Work item
Give back exactly the stretch of data below from the line holding "The pretty girl" through the line holding "home with joy.", both ends included, and leave the remaining lines out.

Records supplied
Segment Open

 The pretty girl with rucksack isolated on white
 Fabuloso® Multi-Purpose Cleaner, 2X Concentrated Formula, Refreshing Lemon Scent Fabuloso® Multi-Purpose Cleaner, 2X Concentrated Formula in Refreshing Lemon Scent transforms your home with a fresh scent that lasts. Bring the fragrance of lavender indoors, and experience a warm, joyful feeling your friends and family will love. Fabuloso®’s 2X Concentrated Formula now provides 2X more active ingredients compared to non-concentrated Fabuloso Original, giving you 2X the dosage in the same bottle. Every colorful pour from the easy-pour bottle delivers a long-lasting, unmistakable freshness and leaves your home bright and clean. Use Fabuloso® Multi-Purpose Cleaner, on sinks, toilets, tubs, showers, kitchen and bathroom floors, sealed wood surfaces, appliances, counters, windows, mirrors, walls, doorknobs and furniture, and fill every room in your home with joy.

Segment Closed
Segment Open

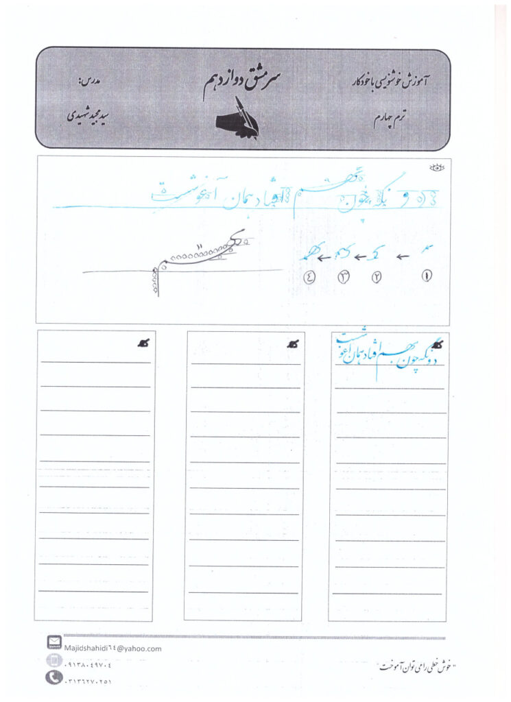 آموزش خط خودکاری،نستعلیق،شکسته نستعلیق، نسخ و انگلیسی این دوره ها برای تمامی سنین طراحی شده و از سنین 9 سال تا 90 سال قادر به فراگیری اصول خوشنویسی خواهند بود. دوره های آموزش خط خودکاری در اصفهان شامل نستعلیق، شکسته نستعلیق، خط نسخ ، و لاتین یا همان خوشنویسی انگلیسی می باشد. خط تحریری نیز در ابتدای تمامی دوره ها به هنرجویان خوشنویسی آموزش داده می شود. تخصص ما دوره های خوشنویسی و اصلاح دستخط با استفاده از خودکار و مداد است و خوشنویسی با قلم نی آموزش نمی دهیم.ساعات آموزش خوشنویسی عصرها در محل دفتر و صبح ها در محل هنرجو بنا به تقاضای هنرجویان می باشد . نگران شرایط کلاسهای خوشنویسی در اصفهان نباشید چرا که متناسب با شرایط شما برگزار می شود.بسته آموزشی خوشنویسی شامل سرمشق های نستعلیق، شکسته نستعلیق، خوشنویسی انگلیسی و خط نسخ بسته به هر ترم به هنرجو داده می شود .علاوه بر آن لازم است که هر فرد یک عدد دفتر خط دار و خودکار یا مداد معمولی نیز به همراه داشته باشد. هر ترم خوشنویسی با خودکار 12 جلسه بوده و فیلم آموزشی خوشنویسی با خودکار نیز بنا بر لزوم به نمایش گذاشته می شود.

Segment Closed

Task solution
 The pretty girl with rucksack isolated on white
 Fabuloso® Multi-Purpose Cleaner, 2X Concentrated Formula, Refreshing Lemon Scent Fabuloso® Multi-Purpose Cleaner, 2X Concentrated Formula in Refreshing Lemon Scent transforms your home with a fresh scent that lasts. Bring the fragrance of lavender indoors, and experience a warm, joyful feeling your friends and family will love. Fabuloso®’s 2X Concentrated Formula now provides 2X more active ingredients compared to non-concentrated Fabuloso Original, giving you 2X the dosage in the same bottle. Every colorful pour from the easy-pour bottle delivers a long-lasting, unmistakable freshness and leaves your home bright and clean. Use Fabuloso® Multi-Purpose Cleaner, on sinks, toilets, tubs, showers, kitchen and bathroom floors, sealed wood surfaces, appliances, counters, windows, mirrors, walls, doorknobs and furniture, and fill every room in your home with joy.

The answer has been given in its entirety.